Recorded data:

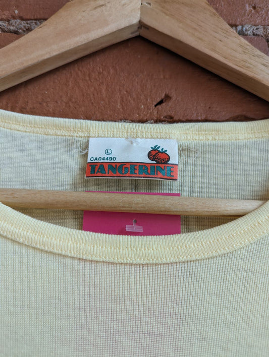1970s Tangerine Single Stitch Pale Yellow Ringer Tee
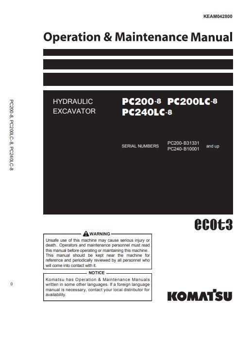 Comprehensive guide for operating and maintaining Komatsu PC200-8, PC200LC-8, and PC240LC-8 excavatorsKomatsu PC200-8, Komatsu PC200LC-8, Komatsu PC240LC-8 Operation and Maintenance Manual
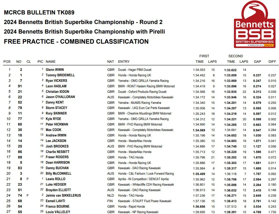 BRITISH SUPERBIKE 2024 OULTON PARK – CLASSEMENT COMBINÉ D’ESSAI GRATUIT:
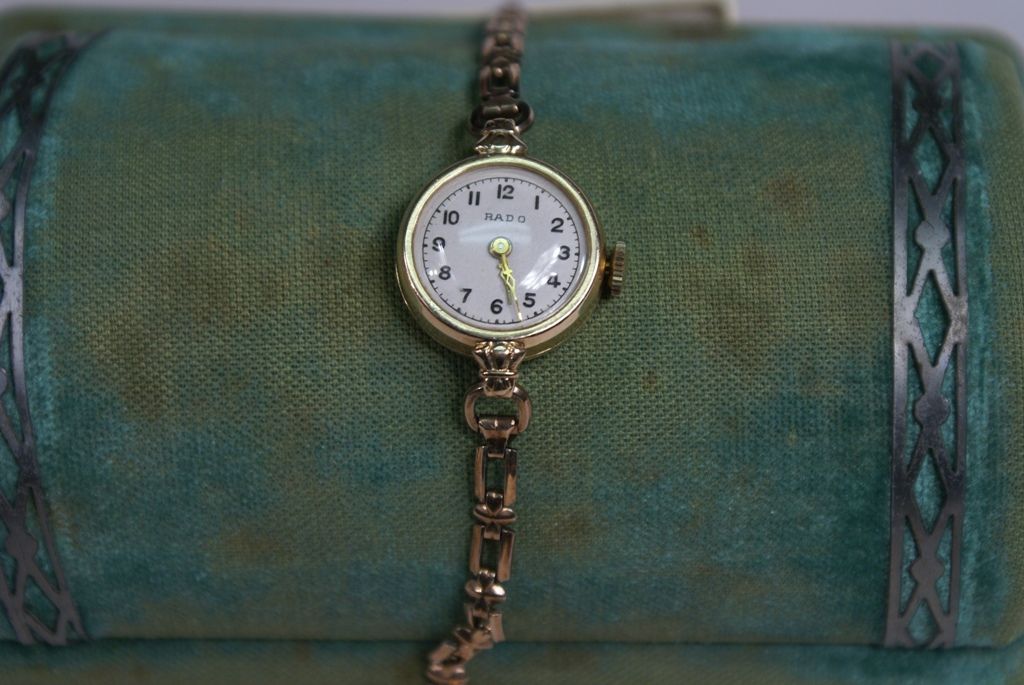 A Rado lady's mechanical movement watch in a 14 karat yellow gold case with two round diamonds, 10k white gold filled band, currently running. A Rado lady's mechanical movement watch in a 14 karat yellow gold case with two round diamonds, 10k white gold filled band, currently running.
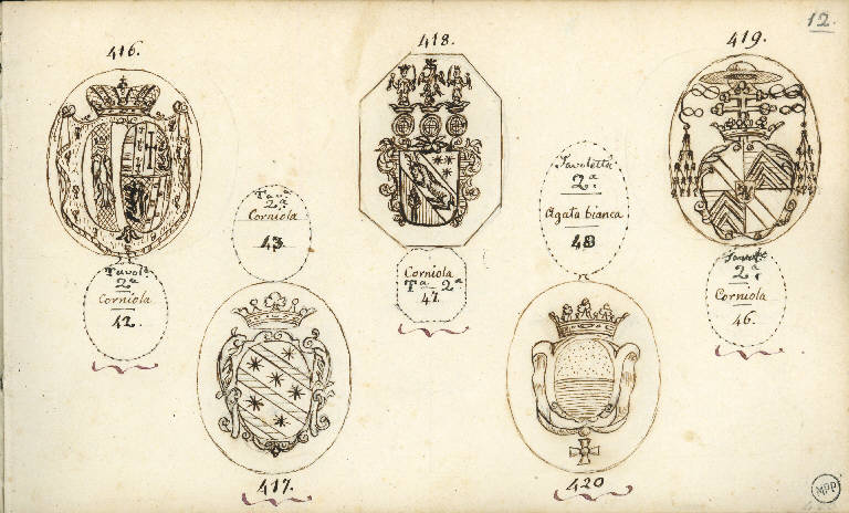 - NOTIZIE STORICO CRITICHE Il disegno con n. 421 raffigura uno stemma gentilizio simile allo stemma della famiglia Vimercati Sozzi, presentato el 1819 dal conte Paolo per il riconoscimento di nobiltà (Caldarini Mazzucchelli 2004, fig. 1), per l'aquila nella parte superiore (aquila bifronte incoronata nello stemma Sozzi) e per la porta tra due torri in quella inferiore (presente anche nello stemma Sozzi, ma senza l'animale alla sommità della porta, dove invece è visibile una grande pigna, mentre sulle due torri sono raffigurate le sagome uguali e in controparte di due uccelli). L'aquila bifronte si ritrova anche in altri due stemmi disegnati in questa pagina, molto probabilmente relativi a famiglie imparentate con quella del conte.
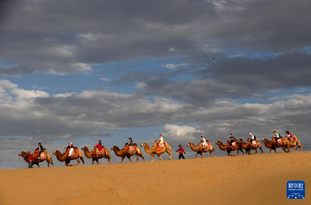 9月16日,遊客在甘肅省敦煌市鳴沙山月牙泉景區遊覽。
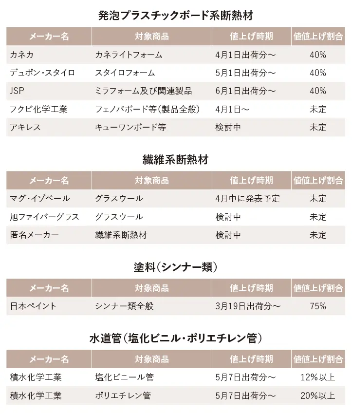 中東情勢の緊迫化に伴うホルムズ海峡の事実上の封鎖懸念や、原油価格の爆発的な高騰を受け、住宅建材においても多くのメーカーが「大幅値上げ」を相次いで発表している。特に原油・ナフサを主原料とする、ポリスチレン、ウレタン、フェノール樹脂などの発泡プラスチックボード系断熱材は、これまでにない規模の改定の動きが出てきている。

### What needs to be done
Print the data above from its first line through the line that has "BRITISH SUPERBIKE 2024", exactly and with nothing else, omitting pictures.

### Solution for this problem
1970s Tangerine Single Stitch Pale Yellow Ringer Tee
 Comprehensive guide for operating and maintaining Komatsu PC200-8, PC200LC-8, and PC240LC-8 excavatorsKomatsu PC200-8, Komatsu PC200LC-8, Komatsu PC240LC-8 Operation and Maintenance Manual
 BRITISH SUPERBIKE 2024 OULTON PARK – CLASSEMENT COMBINÉ D’ESSAI GRATUIT:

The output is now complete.